> _WHAT YOU ARE ASKED TO DO_: Exactly as they appear below, repeat the lines from the one with "一本助人工作者溫暖的專業書寫" through the one with "fruits and nuts.", and no others.

START DATA SUPPLIED

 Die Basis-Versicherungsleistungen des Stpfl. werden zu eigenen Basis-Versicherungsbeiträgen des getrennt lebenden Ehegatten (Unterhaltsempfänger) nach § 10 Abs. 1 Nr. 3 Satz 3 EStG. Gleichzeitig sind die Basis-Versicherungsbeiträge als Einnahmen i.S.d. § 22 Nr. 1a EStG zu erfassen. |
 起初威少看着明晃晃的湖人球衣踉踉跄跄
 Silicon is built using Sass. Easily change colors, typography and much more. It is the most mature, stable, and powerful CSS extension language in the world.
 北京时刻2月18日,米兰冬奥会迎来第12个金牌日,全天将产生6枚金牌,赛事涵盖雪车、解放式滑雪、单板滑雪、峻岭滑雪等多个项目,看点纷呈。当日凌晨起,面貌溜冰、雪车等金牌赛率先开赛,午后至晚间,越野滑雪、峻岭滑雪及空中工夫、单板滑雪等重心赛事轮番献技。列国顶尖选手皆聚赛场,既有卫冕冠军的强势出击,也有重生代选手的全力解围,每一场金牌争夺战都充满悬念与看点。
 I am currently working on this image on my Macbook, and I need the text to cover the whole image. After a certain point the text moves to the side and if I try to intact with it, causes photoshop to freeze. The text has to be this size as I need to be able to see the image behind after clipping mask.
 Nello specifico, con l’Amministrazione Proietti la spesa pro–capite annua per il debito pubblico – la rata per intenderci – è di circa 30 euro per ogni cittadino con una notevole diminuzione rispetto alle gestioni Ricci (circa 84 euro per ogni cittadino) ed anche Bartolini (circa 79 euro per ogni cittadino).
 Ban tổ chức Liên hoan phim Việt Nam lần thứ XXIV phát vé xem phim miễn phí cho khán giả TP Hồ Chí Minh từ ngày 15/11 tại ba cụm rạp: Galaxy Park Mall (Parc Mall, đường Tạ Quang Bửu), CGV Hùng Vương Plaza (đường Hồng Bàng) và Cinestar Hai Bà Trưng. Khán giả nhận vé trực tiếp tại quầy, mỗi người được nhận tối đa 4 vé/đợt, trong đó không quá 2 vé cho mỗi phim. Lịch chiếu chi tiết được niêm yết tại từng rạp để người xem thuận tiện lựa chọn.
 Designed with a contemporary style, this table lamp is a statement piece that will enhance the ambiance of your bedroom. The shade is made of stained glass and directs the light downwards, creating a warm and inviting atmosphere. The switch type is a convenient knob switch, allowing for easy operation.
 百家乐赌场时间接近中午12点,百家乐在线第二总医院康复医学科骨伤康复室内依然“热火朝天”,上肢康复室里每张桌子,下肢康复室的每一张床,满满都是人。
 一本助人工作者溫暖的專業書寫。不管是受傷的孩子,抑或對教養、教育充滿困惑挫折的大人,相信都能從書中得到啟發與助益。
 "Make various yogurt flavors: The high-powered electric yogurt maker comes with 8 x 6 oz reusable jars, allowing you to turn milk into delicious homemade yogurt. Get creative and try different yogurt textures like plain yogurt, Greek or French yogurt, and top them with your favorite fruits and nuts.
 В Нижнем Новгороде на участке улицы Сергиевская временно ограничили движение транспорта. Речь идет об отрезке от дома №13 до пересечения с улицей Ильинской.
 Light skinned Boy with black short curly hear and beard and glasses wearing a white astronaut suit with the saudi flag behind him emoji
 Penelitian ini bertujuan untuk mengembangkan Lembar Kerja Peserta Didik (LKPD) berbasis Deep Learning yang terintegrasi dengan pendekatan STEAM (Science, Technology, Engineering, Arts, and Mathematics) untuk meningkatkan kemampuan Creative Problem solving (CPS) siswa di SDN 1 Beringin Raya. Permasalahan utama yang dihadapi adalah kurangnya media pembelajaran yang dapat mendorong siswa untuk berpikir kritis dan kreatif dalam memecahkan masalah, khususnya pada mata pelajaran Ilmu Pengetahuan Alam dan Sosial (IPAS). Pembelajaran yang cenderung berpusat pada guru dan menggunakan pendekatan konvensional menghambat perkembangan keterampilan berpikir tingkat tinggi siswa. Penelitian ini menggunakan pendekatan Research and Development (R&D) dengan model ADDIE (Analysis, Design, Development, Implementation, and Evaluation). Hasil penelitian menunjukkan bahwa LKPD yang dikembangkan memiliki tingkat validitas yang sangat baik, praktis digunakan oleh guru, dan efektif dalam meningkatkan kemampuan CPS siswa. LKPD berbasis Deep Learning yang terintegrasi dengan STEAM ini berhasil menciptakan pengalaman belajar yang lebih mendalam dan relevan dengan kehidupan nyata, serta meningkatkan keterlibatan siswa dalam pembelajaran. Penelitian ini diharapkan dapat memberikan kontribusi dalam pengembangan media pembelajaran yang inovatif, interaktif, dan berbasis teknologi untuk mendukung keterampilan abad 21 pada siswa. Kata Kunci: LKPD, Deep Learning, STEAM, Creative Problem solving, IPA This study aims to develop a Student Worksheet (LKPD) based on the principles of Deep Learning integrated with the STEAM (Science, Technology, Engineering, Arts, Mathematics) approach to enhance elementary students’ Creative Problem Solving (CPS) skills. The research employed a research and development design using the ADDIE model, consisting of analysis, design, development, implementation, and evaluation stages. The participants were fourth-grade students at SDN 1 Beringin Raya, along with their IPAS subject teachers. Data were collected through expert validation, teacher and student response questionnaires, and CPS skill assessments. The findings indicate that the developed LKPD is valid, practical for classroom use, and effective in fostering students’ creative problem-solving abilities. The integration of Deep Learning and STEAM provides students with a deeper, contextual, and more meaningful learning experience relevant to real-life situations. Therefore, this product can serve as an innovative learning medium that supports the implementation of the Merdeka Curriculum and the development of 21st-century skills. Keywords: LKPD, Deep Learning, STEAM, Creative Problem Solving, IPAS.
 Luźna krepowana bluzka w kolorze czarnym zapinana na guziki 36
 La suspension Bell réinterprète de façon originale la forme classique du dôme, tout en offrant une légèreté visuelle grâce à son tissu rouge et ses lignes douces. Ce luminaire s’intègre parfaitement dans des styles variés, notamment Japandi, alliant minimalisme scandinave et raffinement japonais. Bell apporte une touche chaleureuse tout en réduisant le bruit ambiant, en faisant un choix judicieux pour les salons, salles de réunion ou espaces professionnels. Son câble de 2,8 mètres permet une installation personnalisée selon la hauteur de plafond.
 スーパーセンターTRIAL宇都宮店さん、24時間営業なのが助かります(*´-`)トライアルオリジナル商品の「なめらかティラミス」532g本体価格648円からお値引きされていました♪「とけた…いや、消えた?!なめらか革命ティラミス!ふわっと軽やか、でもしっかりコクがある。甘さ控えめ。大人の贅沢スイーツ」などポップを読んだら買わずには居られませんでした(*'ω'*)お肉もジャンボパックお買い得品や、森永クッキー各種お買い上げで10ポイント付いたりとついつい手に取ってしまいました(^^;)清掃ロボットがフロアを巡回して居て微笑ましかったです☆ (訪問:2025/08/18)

END DATA SUPPLIED

> _WRITTEN RESPONSE_:
 一本助人工作者溫暖的專業書寫。不管是受傷的孩子,抑或對教養、教育充滿困惑挫折的大人,相信都能從書中得到啟發與助益。
 "Make various yogurt flavors: The high-powered electric yogurt maker comes with 8 x 6 oz reusable jars, allowing you to turn milk into delicious homemade yogurt. Get creative and try different yogurt textures like plain yogurt, Greek or French yogurt, and top them with your favorite fruits and nuts.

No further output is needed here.